A MATCHED GARNITURE OF LOUIS XVI ORMOLU-MOUNTED SEVRES PORCELAIN POTS-POURRIS VASES
A MATCHED GARNITURE OF LOUIS XVI ORMOLU-MOUNTED SEVRES PORCELAIN POTS-POURRIS VASES

CIRCA 1770

Details
A MATCHED GARNITURE OF LOUIS XVI ORMOLU-MOUNTED SEVRES PORCELAIN POTS-POURRIS VASES
CIRCA 1770
The porcelain decorated with roses in gilt-rimmed reserves on a powder-blue ground, the large vase with tapering cylindrical body with lion's mask handles and pierced guilloche neck surmounted by a slightly domed lid with pine-cone finial and on a waisted foot with fruiting laurel band and square base, the two smaller vases with ovoid bodies and lobed double handles, with pierced rim and domed lid with fruiting finial, on a spirally-twisted foot with guilloche band and concave-canted square base
The large vase 11½ in. (29 cm.) high, the smaller vases 8¼ in. (21 cm.) high
Provenance
Possibly Madame de Polès, sold Galerie Georges Petit, Paris, 22 - 23 June 1927, lot 165.
Literature
Probably P. Kjellberg, Objects montées du Moyen Âge à nos jours, Paris, 2000, p. 128.

Lot Essay

VASES A MONTER
The Sèvres factory produced vases à monter, or vases intended to be fitted with ormolu mounts, beginning in around 1764. The main three forms of such vases assembled into garnitures were tapering cylindrical (of two differing dimensions) and egg-shaped. These finished glazed vases were sold largely to marchand-merciers who then embellished them with mounts. The earlier vases were glazed in solid ground colours, although invoices exist for pieces decorated with green and blue grounds scattered with foliate wreaths centered by roses by 1770.

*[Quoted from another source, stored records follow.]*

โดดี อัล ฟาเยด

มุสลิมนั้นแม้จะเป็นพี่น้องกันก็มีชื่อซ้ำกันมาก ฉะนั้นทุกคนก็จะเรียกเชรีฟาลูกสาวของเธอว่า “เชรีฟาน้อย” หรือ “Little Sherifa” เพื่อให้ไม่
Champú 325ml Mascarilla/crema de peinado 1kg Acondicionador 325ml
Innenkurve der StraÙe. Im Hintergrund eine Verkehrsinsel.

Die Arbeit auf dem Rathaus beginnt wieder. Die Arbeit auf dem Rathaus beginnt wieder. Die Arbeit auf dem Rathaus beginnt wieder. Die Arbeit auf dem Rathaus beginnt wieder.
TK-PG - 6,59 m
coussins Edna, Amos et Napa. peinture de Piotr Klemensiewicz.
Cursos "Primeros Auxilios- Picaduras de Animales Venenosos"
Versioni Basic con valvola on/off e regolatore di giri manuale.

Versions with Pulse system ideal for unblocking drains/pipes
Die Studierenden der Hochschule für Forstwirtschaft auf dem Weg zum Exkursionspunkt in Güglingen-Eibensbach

These vases bear mounts of one of five basic styles. This indicates in all likelihood that the marchand-merciers who purchased the vases à monter produced their own signature mounts. A complete garniture incorporating a pair of egg-form vases, a pair of small cylindrical and one large cylindrical vase is in the Wadsworth Athenaeum, Hartford (L.H. Roth, C. Le Corbeiller, French Eighteenth Century Porcelain at the Wadsworth Atheneum: The J. Pierpont Morgan Collection, 2000, p. 156, fig. 74).

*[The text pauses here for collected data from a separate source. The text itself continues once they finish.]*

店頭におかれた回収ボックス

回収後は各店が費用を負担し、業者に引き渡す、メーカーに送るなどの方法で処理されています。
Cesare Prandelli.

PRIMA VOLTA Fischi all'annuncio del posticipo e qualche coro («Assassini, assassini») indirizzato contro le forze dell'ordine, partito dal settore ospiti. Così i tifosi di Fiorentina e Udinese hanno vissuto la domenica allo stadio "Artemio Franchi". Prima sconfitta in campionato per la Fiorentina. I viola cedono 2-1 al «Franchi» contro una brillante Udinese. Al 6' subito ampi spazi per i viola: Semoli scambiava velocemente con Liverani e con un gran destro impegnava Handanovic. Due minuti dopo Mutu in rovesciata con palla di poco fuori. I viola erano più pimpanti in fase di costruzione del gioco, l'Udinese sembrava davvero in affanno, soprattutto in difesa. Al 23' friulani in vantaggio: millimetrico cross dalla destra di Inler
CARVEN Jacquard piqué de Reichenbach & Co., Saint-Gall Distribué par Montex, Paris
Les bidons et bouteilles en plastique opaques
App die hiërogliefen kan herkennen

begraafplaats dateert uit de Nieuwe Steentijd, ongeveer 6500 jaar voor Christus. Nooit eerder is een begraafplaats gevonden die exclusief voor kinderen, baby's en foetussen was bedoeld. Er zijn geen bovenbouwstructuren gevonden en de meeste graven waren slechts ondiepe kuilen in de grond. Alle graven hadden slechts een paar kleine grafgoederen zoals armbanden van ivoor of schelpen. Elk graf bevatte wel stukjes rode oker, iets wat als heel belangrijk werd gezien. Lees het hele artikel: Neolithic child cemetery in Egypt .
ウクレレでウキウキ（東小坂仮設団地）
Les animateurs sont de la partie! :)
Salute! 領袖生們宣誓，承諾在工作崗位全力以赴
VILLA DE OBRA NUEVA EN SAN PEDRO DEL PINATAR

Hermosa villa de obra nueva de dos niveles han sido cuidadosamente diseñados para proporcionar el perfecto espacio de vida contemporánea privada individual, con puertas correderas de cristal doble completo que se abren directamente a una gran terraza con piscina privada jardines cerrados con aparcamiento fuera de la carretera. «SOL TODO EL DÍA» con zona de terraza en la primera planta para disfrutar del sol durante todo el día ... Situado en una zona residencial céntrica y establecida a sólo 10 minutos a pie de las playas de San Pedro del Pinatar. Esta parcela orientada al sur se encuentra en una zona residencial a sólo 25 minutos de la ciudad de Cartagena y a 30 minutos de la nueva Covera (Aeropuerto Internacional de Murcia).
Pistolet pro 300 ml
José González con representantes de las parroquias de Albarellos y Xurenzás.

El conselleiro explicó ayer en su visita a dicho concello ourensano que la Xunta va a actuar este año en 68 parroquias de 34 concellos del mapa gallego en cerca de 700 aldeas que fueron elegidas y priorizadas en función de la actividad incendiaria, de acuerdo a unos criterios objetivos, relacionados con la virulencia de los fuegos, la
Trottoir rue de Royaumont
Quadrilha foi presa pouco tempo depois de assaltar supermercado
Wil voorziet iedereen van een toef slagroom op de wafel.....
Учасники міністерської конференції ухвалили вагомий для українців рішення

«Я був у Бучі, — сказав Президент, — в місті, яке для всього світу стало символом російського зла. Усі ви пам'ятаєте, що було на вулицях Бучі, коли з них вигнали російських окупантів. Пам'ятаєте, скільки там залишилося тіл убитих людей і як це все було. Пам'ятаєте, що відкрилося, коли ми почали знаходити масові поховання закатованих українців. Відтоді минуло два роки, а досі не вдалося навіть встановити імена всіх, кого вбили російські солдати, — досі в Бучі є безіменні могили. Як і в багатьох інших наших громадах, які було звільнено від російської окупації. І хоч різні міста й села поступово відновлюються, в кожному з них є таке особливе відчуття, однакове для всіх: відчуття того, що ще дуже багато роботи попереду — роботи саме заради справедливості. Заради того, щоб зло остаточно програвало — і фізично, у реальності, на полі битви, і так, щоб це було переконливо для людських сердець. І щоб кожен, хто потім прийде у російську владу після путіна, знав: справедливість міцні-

A three-piece garniture with the same smaller cylindrical vases, formerly in the collection of Mme. Jules Fribourg, is illustrated in S. Eriksen, Early Neo-Classicism in France, 1974, p. 363, fig 242, while another identical in shape with green porcelain ground and bearing the date letter 'q' for 1769, was sold in the Erich von Goldschmidt-Rothschild sale, Berlin, 23 March 1931, lot 206. Other examples of vases include:- a pair from the Keck Collection, La Lanterne, Bel Air, California, sold Sotheby's, New York, 5 - 6 December 1991, lot 225; a pair sold Christie's, London, 17 June 1987, lot 32; another pair, formerly part of a garniture, with apple-green ground from the collection of the Late Earl of Sefton and sold by Christie's at Croxteth Hall, Liverpool, 17 - 20 September 1973, lot 908, and again Christie's, London, 5 July 1984, lot 13; a three-piece garniture, again with apple-green ground sold from the Jaime Ortiz-Patiño Collection, Sotheby's, New York, 20 May 1992, lot 31; a pair and two garnitures of three, each on solid apple green ground, sold from Houghton, Christie's, London, 8 December 1994, lots 36 - 38 (see lot 101 in this sale for the Houghton lot 37); a garniture of three green-ground vases all of identical shapes as the offered lot and with date letters for 1769 and previously owned by George Byng, sold anonymously, Christie's, London, 9 June 2005, lot 1; and finally a set of three green-ground examples with floral reserves from the Sir Arthur Gilbert collection sold Christie's, New York, 21 October 2005, lot 331.